そして、最初の画面のコメントが変わった。


「……えっと、『いつまでかかっているのだ! 早くダンジョンを造って中に入れ!

ここは安全地帯ではないのだぞ!!』か。

確かにそうだよな……」


というわけで、DPの詳細は後にして、ダンジョンの設定画面に戻る。


「フィールド型の広さといっても、DPとの交換で決まるみたいだ。

それに、細かい広さを指定もできるけど、ここは大体の対象別で選んだほうがいいか。

え~っと、最小が……六畳の部屋?」


……俺の実家の部屋と、同じ大きさだな。

イヤちょっと待て。

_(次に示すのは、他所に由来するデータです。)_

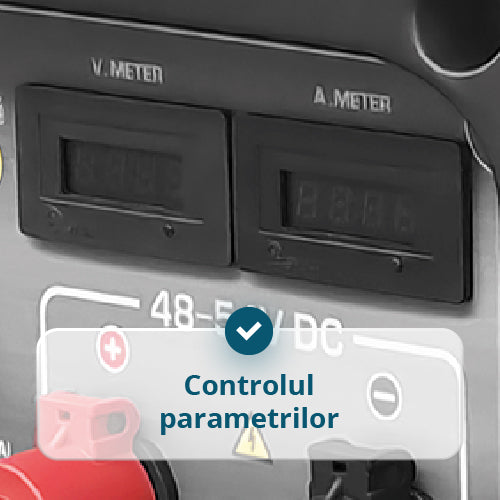 • Funcționare automată a generatorului – în modul AUTO, generatorul monitorizează automat tensiunea bateriei, pornește când aceasta scade sub 50V și se oprește când tensiunea la ieșire ajunge la 54,5 ± 0,5V și curentul scade sub 20A.

もしかしてこれって、俺の知識から情報を得ているのか?


「……そう考えれば、このドーム球場とか、○○空港とか、この異世界にはない対象だからな……。

まあ、分かりやすいからいいか。

細かいことを気にするのは、安全地帯でするとしましょう」


というわけで、俺はドーム球場を選択。

階層は一階層だけにすることを考えていたので、安全を考えて広さをとったわけだ。

まあ、後で変更できると注意書きもあったから、今はこの広さで。


「交換ポイントは、三千八百ポイントか。

特別ポイントを貰ってなければ全然足りずに、選択肢が減っていたな……」


しみじみと、異世界人だった自分のありがたみを感じながら、DPを払うことに同意すると別の画面が現れる。

そしてそこには、土地固定か空間固定かの選択肢が出ていた。


「土地固定? 空間固定?

……これって、この場所にダンジョンを固定するかどうかってことなのか?

ん~、俺は日本に帰りたいから、ここは空間固定の方か?」


この選択はよく分からなかったが、この場所に固定されるのはまずいとの判断から空間固定を選択。

すると、両手で抱えていたダンジョンコアが強い光を放つ!


「ま、眩しいっ!」


俺は、目を思いっきり瞑ると顔を逸らした。

その直後、体が軽くなった感覚になったかと思ったら、地面が無くなって落ちる感覚が襲ってきた。


そしてすぐに、やわらかい毛のような地面に落ちた感覚になったのだ。



「んっ? んんっ?! な、何が起きて……」


薄っすらと目を開けると、さっきまで見えていた木々がない。

さらに俺は確かめようと、ゆっくり目を開けていって驚いた!


目の前に広がる景色は、さっきまでいた森の中ではなく、視界一面に草原が広がっていたのだ。

そして、やわらかい毛のような地面は草の地面だった……。


「これが、本当の草原なんだ……」


俺が草の地面をさわっていると、後ろから声をかけられた。


「どうじゃ? すごいじゃろう?」

「……え?」


顔を上げて後ろを振り返ると、そこには巫女装束を着た、俺と同じくらいの年齢の金髪美少女がいた……。